[Records from a data collection]

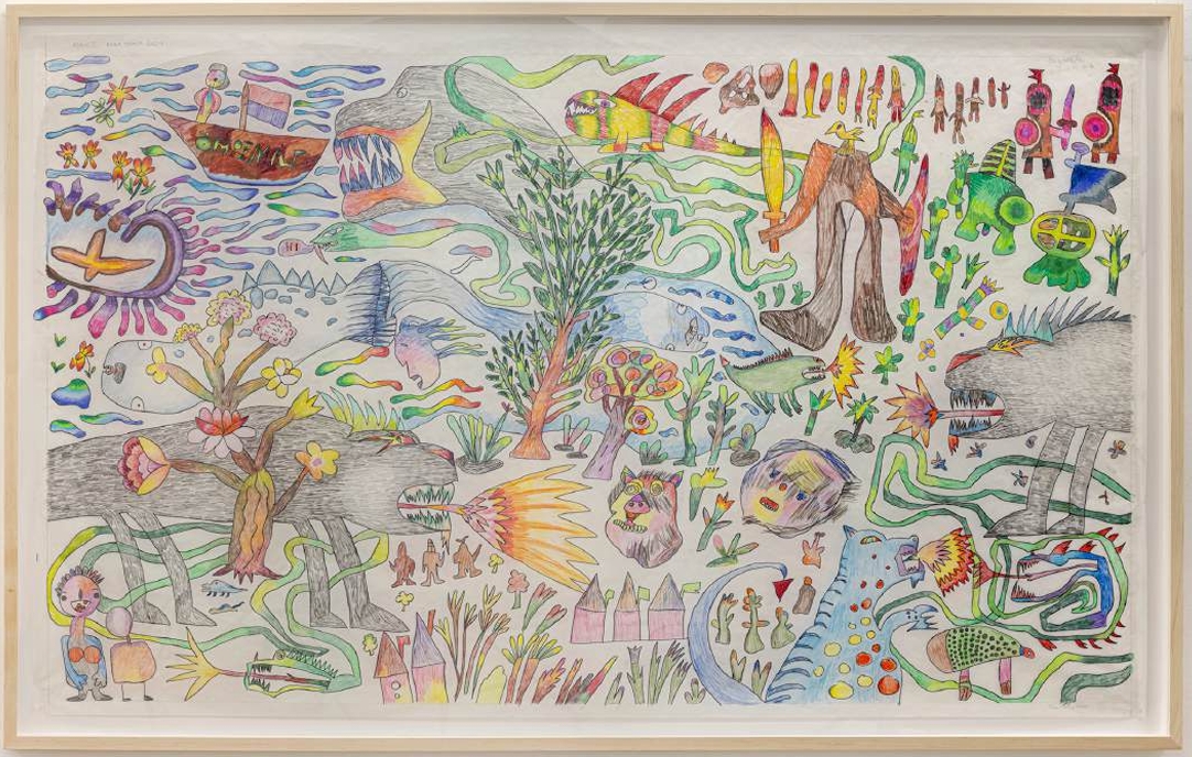 Anna Torma, Colouring Book Details II, 2025, mixed media on paper, 50 x 40 inches, framed
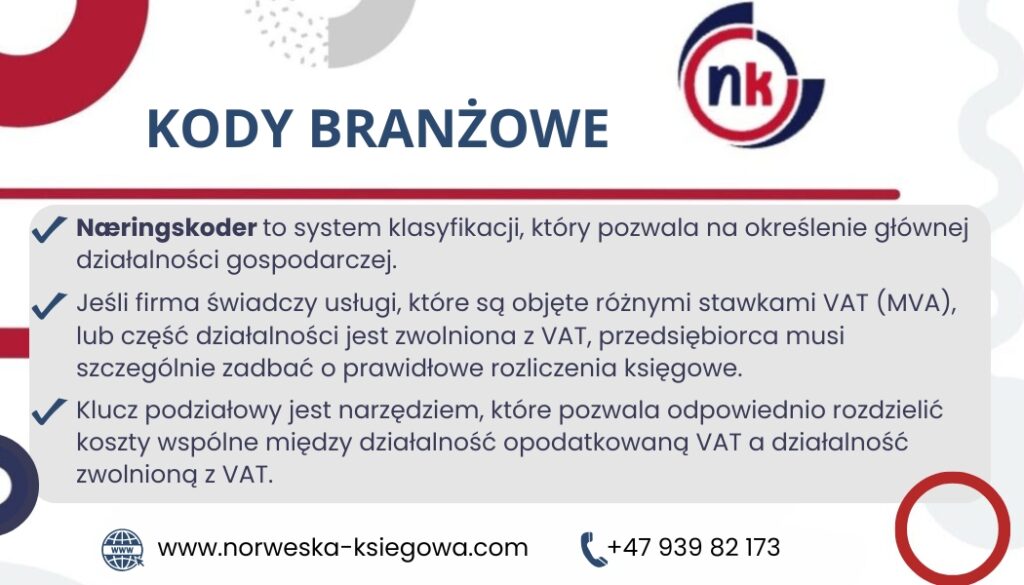 Każda firma zarejestrowana w Norwegii otrzymuje kod branżowy (næringskode), który identyfikuje jej główną działalność. Kod ten jest przypisany do przedsiębiorstwa na etapie zakładania firmy, a jego celem jest głównie zapewnienie dokładnych danych statystycznych dla Norweskiego Urzędu Statystycznego (SSB). Na przykład, firma zajmująca się sprzedażą detaliczną może mieć kod 47.110, a firma budowlana specjalizująca się w remontach domów kod 43.320.
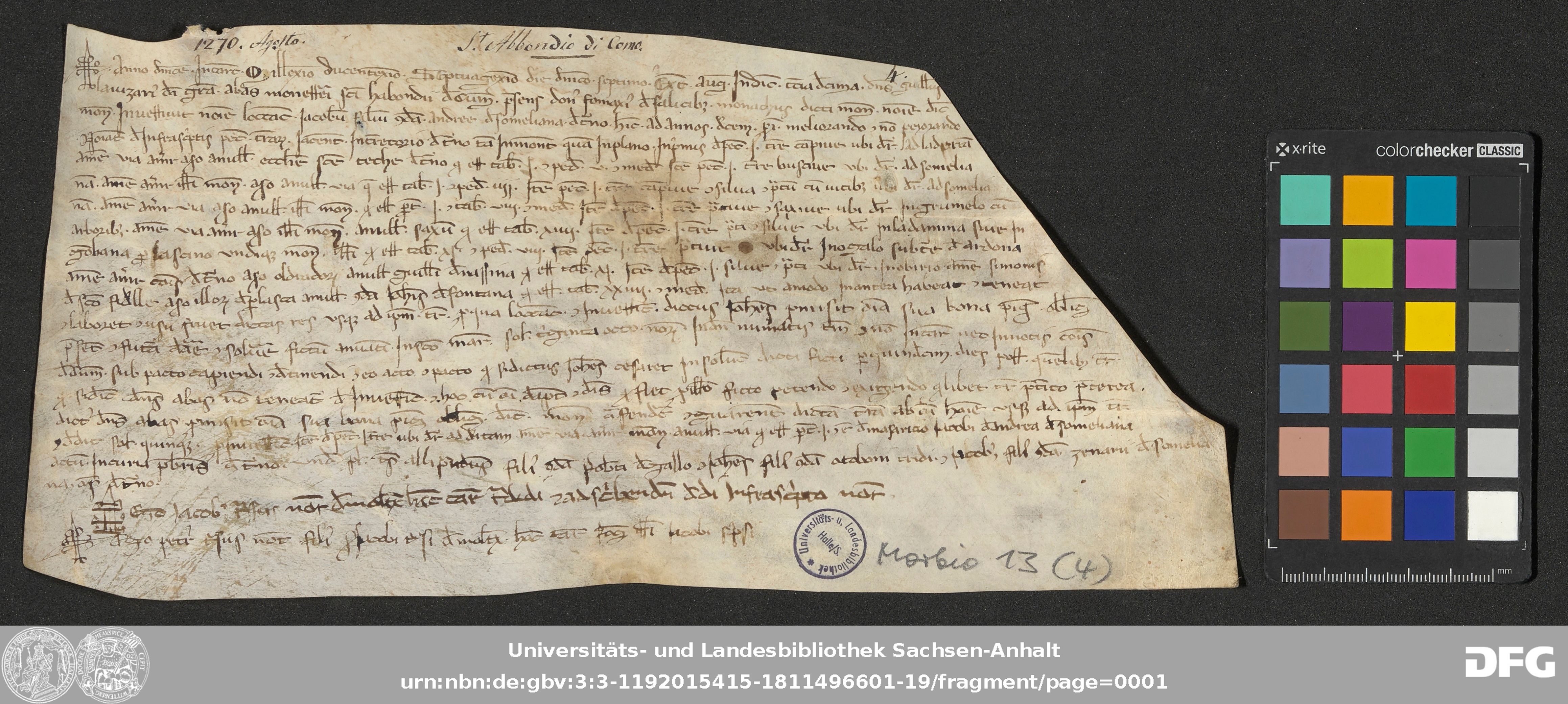 Series: Urkunden aus der Sammlung Morbio der Universitäts- und Landesbibliothek Sachsen-Anhalt Halle
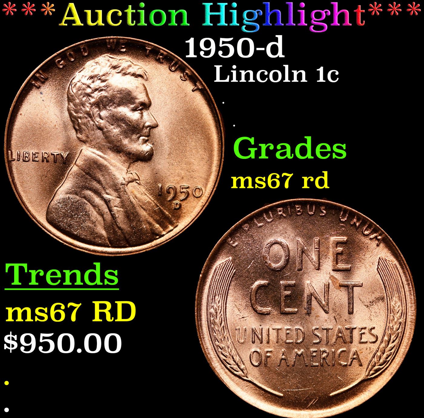 ***Auction Highlight*** 1950-d Lincoln Cent 1c Graded GEM++ Unc RD By USCG.
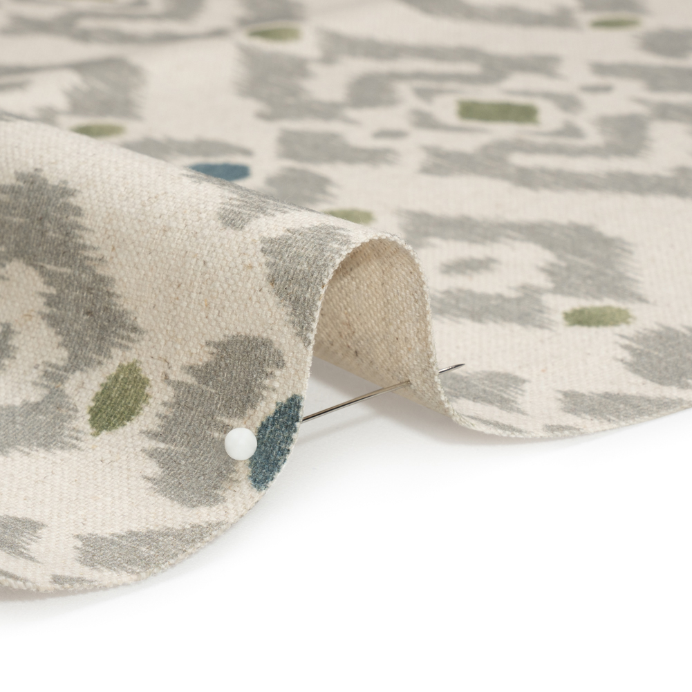 Cotton and Linen Canvas Print - Olive Ikat Geometries - British Imported

- TRY IT
Output only the lines that run from the line containing "Series: Urkunden aus der" to the last line of the data, exactly as they stand and without pictures.

- THE ANSWER
 Series: Urkunden aus der Sammlung Morbio der Universitäts- und Landesbibliothek Sachsen-Anhalt Halle
 ***Auction Highlight*** 1950-d Lincoln Cent 1c Graded GEM++ Unc RD By USCG.
 Cotton and Linen Canvas Print - Olive Ikat Geometries - British Imported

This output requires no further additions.